U330/12 - U331/12 – Verfassungsgerichtshof (VfGH) Rechtssatz

Rechtssatz
27. Juni 2012

Asylgerichtshof als vorlagepflichtiges Gericht iSd Art267 AEUV zu qualifizieren.

Der Asylgerichtshof vertritt die Auffassung, dass im vorliegenden Fall Ungarn gemäß Art10 Abs1 Dublin-II-VO für die Prüfung des in Österreich gestellten Antrages auf internationalen Schutz zuständig sei, obwohl der Beschwerdeführer den Feststellungen der angefochtenen Entscheidung zufolge erstmals in Griechenland das Hoheitsgebiet der Europäischen Union illegal betrat. Der Asylgerichtshof begründet dies im Wesentlichen damit, dass es eine mitgliedstaatliche "Anknüpfungskette" gebe, welche durch die Ausreise des Beschwerdeführers aus Griechenland nach Mazedonien und Serbien sowie das damit erfolgte Verlassen des Hoheitsgebiets der Mitgliedstaaten der Europäischen Union unter nachfolgender Wiedereinreise in Ungarn "quasi gerissen" sei.

Dem Verfassungsgerichtshof erscheint es jedoch zweifelhaft, ob diese Auslegung mit der Dublin-II-VO vereinbar ist.

Aus Art10 Abs1 Dublin-II-VO ergibt sich nicht eindeutig, ob die Zuständigkeit des Mitgliedstaates, dessen Grenzen ein Asylwerber aus einem Drittstaat kommend illegal überschritten hat, dann erlischt, wenn der Drittstaatsangehörige (kurzzeitig) das Hoheitsgebiet der Mitgliedstaaten verlässt, ohne im ersten Mitgliedstaat einen Asylantrag gestellt zu haben.

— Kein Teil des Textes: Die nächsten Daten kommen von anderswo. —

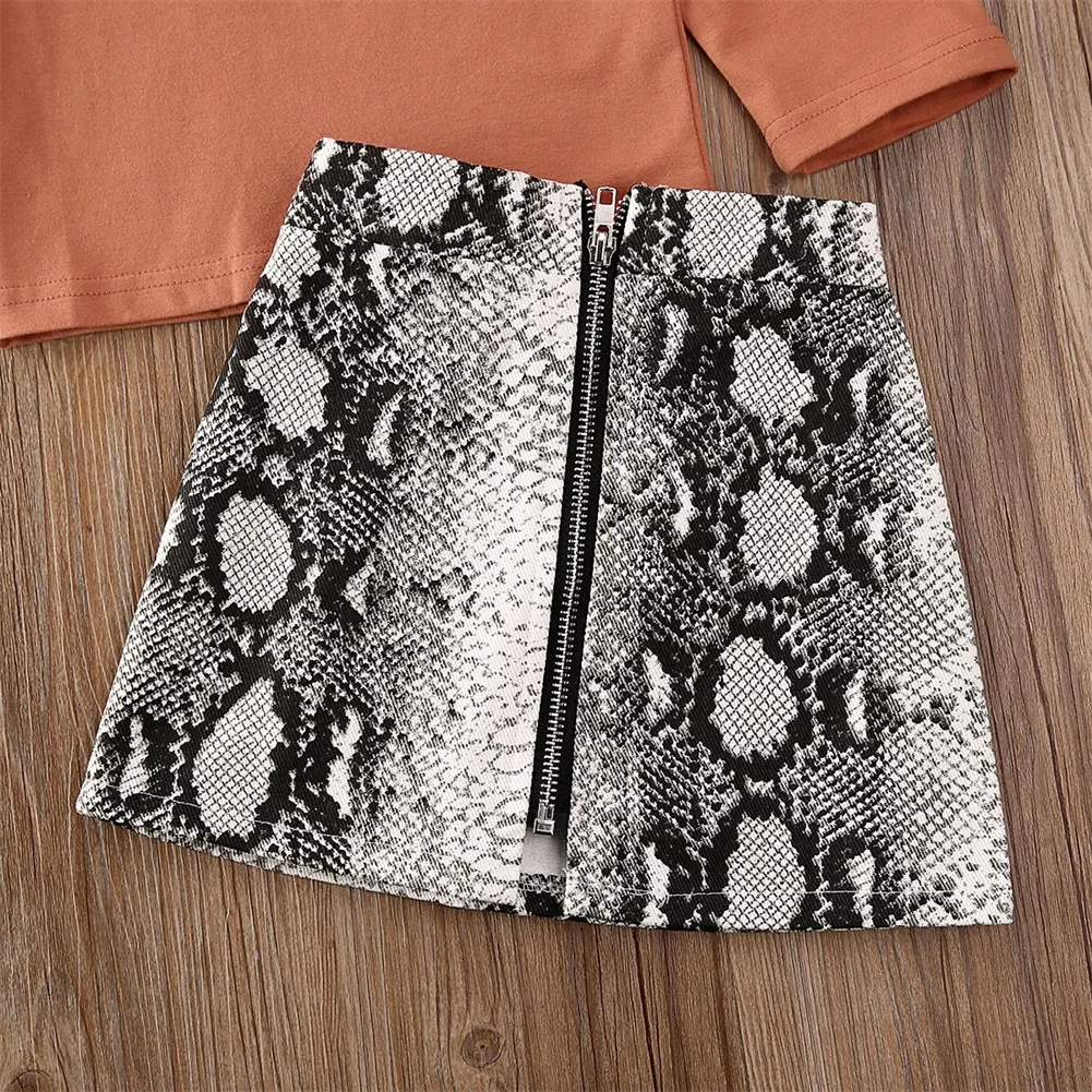 Осенний комплект одежды для маленьких девочек, однотонная Водолазка с длинным рукавом + трапециевидная Юбка со змеиным принтом, комплект из 2 предметов

Die Rechtsfrage, ob Griechenland trotz (kurzfristiger) Ausreise des Fremden in einen Drittstaat für die Prüfung eines sodann in einem anderen Mitgliedstaat gestellten Asylantrages zuständig ist, ist im Rahmen des Rechtsschutzsystems des Unionsrechts Sache des EuGH. Es handelt sich dabei insoweit um eine entscheidungserhebliche Frage, als sich der Asylgerichtshof für eine Entscheidung nach §5 Abs1 AsylG 2005 nicht allein auf die Zustimmung eines Mitgliedstaates zur Übernahme eines Asylwerbers berufen darf. Da die Frage vom EuGH bisher noch nicht entschieden worden ist, wäre der Asylgerichtshof verpflichtet gewesen, sie dem EuGH zur Vorabentscheidung vorzulegen. Dabei wäre auch zu fragen, ob wegen der systemischen Mängel im griechischen Asylsystem und der dortigen Gefährdungslage für Asylwerber betr eine Verletzung ihrer Rechte nach Art3 EMRK im Hinblick auf die jüngste Rechtsprechung des EGMR (vgl EGMR 21.01.11, Fall MSS, Appl 30696/09) - ungeachtet des Urteils des EuGH vom 21.12.11, C-411/10 und C-493/10 - eine andere Beurteilung des primär zuständigen Mitgliedstaates iSd Dublin-II-VO geboten ist.

Daher Verletzung des Beschwerdeführers in seinem Recht auf ein Verfahren vor dem gesetzlichen Richter.

Ebenso unter Hinweis auf die vorliegende Entscheidung U331/12, U350/12, uva, alle E v 27.06.12.